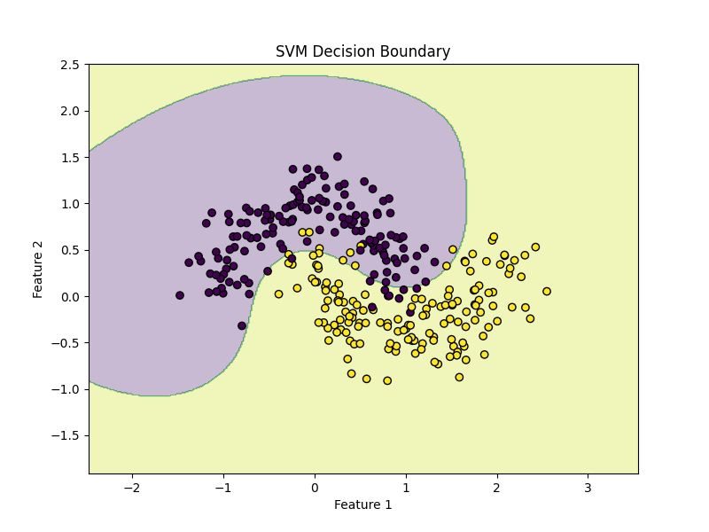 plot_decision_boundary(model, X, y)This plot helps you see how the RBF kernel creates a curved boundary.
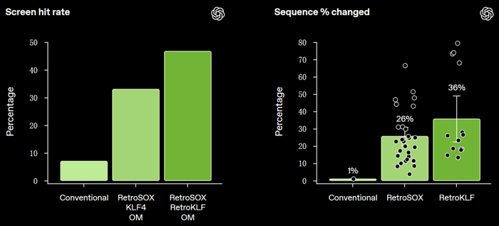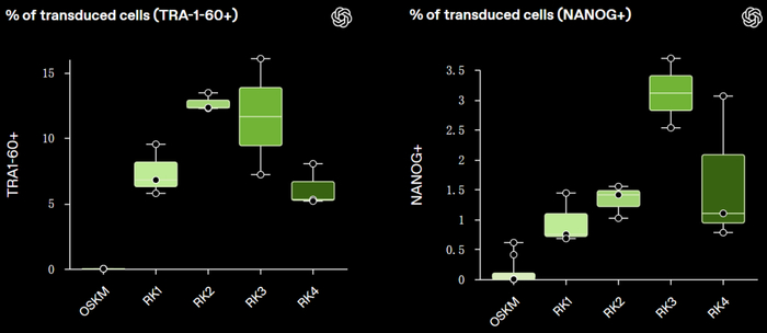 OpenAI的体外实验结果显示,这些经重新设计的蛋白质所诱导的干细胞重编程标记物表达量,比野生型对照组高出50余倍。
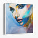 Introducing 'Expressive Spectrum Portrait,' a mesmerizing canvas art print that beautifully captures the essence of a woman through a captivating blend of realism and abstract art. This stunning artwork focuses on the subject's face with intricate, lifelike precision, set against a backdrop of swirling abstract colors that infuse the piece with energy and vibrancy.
_____
### What this task involves
Word for word, repeat only the lines from the line containing "OpenAI的体外实验结果显" through the end of the data, without any pictures.

### Your solution
 OpenAI的体外实验结果显示,这些经重新设计的蛋白质所诱导的干细胞重编程标记物表达量,比野生型对照组高出50余倍。
 Introducing 'Expressive Spectrum Portrait,' a mesmerizing canvas art print that beautifully captures the essence of a woman through a captivating blend of realism and abstract art. This stunning artwork focuses on the subject's face with intricate, lifelike precision, set against a backdrop of swirling abstract colors that infuse the piece with energy and vibrancy.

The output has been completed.